By JOHN JAMES MARSHALL/Designated Writers

I count myself as a baseball purist, yet I’m all for the designated hitter. (Which probably makes me a baseball hypocrite.) I’m all for change in the sport, but not overnight. I’m willing to listen to the latest ways to improve the game, as long as they don’t go too far.

They are going too far. (Or thinking about going to far.)

Baseball should change organically, not by vote or decree. Putting a runner on second base in extra innings to keep from games lasting too long? That’s changing the fundamentals of the game.

And this idea that they’ve come up with in a MLB-owned minor league of batters being able to run to first on any ball that gets away from the catcher at any point in the at bat — stealing first, for lack of a better description — is just as inane.

Too many home runs is not a problem; too many people striking out or walking is a problem. I don’t like all the shifts you see today, but it’s a natural reaction to what scouting tells you. And it works. Don’t legislate it out; learn how to beat it.

The ball is not juiced; it’s just being hit in a certain way (launch angle, exit velocity) that allows teams to functionally beat the shift by hitting over it.
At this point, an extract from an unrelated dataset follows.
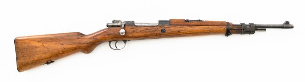 FN Venezuelan Contract Model 1930 Mauser Bolt Action Carbine, #021517, 7x57mm cal., 17.5" barrel, blued finish with bright bolt assembly, hardwood stock and handguard, dovetailed inverted-"V" front sight, and adjustable tangent rear sight with "V"-notched groove, graduated to 1400 meters. Missing the cleaning rod and locking screw forward of the magazine floorplate. Top of the receiver ring is marked with Venezuelan crest and "FUERZAS ARMADAS/DE VENEZUELA" on the left side. Left side of the receiver rail is marked "FAB.NAT.DARMES de GUERRE/HERSTAL BELGIQUE. No number on the bolt handle. Other parts do not match. No visible import marks. Condition overall is good, retaining less than 40% blue, showing general wear and of patina across the metal surfaces. Bolt assembly has toned darker with patina to the handle. Stock appears to be an arsenal replacement and is in good condition, with handling marks and flaking to the finish. A sighting groove has been carved into the top of the handguard. Action operates smoothly. Bore is bright with very good rifling. Est.: $400-$600. (C&R)

It wasn’t that long ago that games were played in large, Astroturf-covered stadiums in which people stole bases all the time. Go back a couple of more decades and there was a year in which only one player in the American League hit over .290. You want to go back to that?

Just don’t be a prisoner of the moment. There’s no need to start making changes just for the sake of change or for another TV viewer point share. Finding ways to speed up the game is not changing the game. That’s OK.

Baseball will evolve. It always has and it always will.